# Welcome to STAT 515

In STAT 515, we will be covering the fundamentals of probability with a view towards statistical inference. Probability is a collection of tools for helping us to reason quantitatively about uncertain events. This type of reasoning is becoming increasingly imporant in many disciplines.

Let's consider two questions:

+ What are the chances that at least two people in this class have the same birthday? 

+ What are the chances that someone in this class has the same birthday as you? 

Are these two questions asking about the same probability or are they different?

### [Same or different?](https://www.menti.com/d2a755)


## How large of a group do we need to have a better than 50% chance of having at least one match?

That is (ignoring leap years, twins, etc) how many people would we need in our class to have a 50% chance of having at least one birthday match (dd-mm)?

Let's not worry too much about about how to compute the probability of having a match. That will come later in the course! Right now, let's just try to think about what a *sensible* answer might look like. 

If there are 365 days in a year, then will the total number of people need to be close to 365?

Perhaps 365 people is far too many... we only want a better than 50% chance of having a match.  Would 182 people--about half of 365--be sufficient to have a birthday match?

How about 50 people---would that be sufficient? What is the *smallest number of people* that would be sufficient?

### [What is the smallest number of people that would be sufficient to have a match?](https://www.menti.com/d2a755)
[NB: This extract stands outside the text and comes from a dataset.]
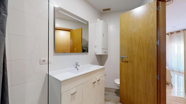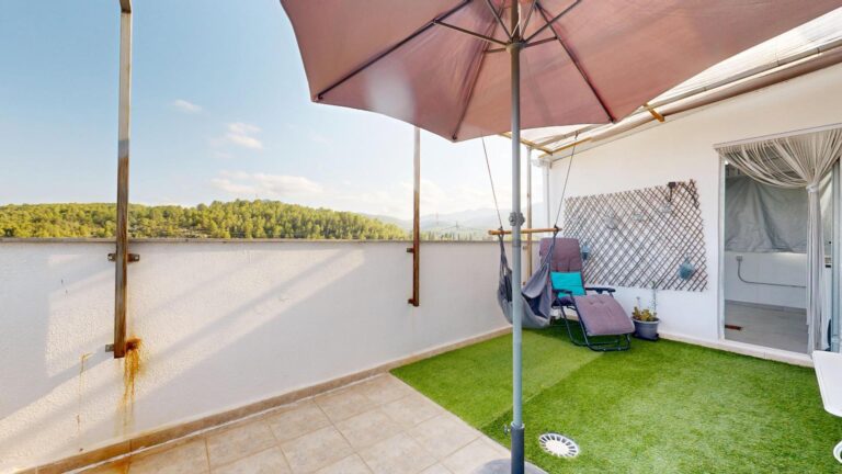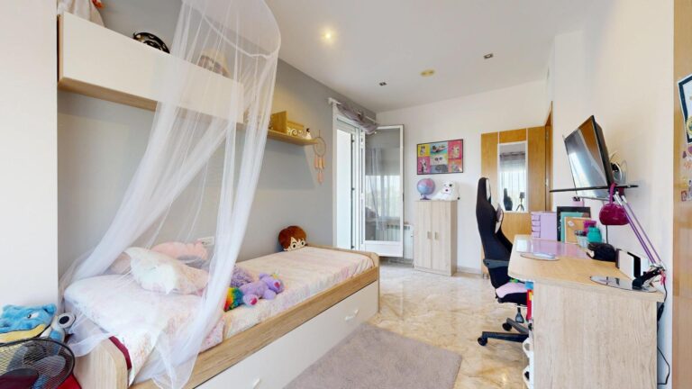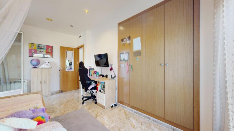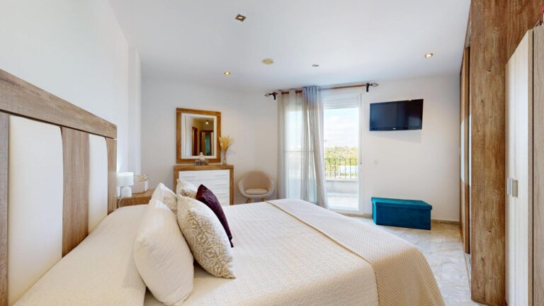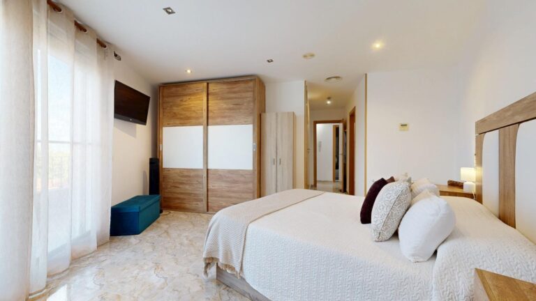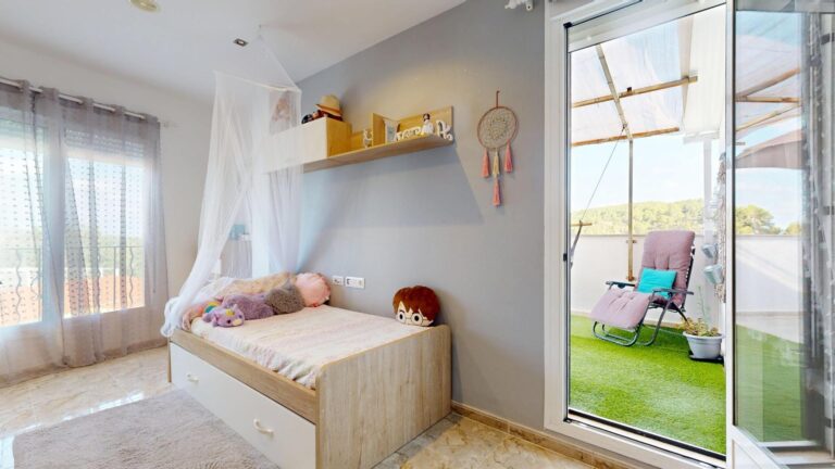 La planta superior del inmueble, consta de tres dormitorios dobles, todos ellos provistos de armarios empotrados vestidos, dos baños completos uno de ellos en suite provisto de ducha y el segundo baño provisto de bañera de hidromasaje, el dormitorio principal tiene acceso a un amplio balco/terraza, con espacio suficiente para zona de descanso al aire libre. En esta planta encontramos también otra amplia terraza/ solárium y una lavandería lo que lo hace mas funcional, dando servicio a la zona de noche.

If you've never thought of this problem before, the answer might surprise you. 

Below, we write some code that describes the probability of having a match, i.e. at least two matching birthdays (mm-dd)) for a given group of size. The function `pmatches` takes a group size (a non-negative integer) and returns the desired probability (a real number btween zero and one).

In [129]:
%matplotlib inline
import numpy as np

# the following function pmatches takes a number of people and returns the probability of having two matches
def pmatches(N):
    return 1-np.prod(np.arange(365,365-N,-1,dtype=float))/365**N # this is 1 minus the probability of having no matches

At present there are 40 students (plus an Eric) in this section of STAT 515. 

In [131]:
pmatches(41)

0.9031516114817354

That line above gives the probability of having two matches in this section of STAT 515!!

Remember that the probability is telling us something about the frequency with which the event 'at least two matches in a group of size 41' occurs. Although the probability is high (close to 1), *it is not a guarantee*. That is, if Eric teaches Stat 515 from now until the end of time (with the same sized class), there will be two matches about 90% of the time. While it is highly likely that two people in your Stat 515 class today have the same birthday we won't know until we take a little poll (and look at a statistic). 

### [Please enter your birthday as MM/DD.](https://www.menti.com/d2a755)

Below is a plot of the probability of having a match versus the group size.

In [147]:
from bqplot import *
from bqplot.interacts import (IndexSelector)
from IPython.display import display
from ipywidgets import ToggleButtons, VBox, HTML, widgets

numpeople = range(80)
prob = list(map(pmatches, numpeople))

x_data = numpeople
y_data = prob

x_sc = LinearScale(min=0, dtype=int)
y_sc = LinearScale(min=0, max=1)

ax_x = Axis(label='group size', scale=x_sc, tick_format='0.0f')
ax_y = Axis(scale=y_sc, orientation='vertical', tick_format='0.2f')

line = Lines(x=x_data,
             y=y_data,
             scales={'x': x_sc, 'y': y_sc},
             colors=['blue'])
pt = Scatter(x=x_data,
             y=y_data,
             scales={'x': x_sc, 'y': y_sc},
             colors=['red'])

db_index = HTML(value='<h3>P(match in group of size 0) = 0.0</h3>')
## Now we try a selector made to display the y-value associated with a single x-value
index_sel = IndexSelector(scale=x_sc, marks=[line])
## Now we define a function that will be called when the selectors are interacted with
def index_change_callback(change):
    db_index.value = '<h3>P(match in group of size '+str(int(change.new))+') = '+str(pmatches(int(change.new)))+'</h3>'
index_sel.observe(index_change_callback, names=['selected'])
## Now we plot the figure
fig = Figure(axes=[ax_x, ax_y], marks=[line], interaction=index_sel)
widgets.VBox([fig, db_index])

+ Use the plot above to find the smallest number of people for which the probability of having a match is 50%. 
+ Use the plot above to find the smallest number of people for which the probability of having a match is 75% and 25%.

*Hints*: `P(match in group of size 23) = 0.5073`, `P(match in group of size 15) = 0.2529`, `P(match in group of size 32) = 0.7533`.

*Answers*: `23`, `15`, `32`.

Hopefully this simple example has illustrateed that we need to learn some new mathematical tools if we want to reason quantitatively about uncertain events. Hopefully it has also illustrated that our intuitions can fool us.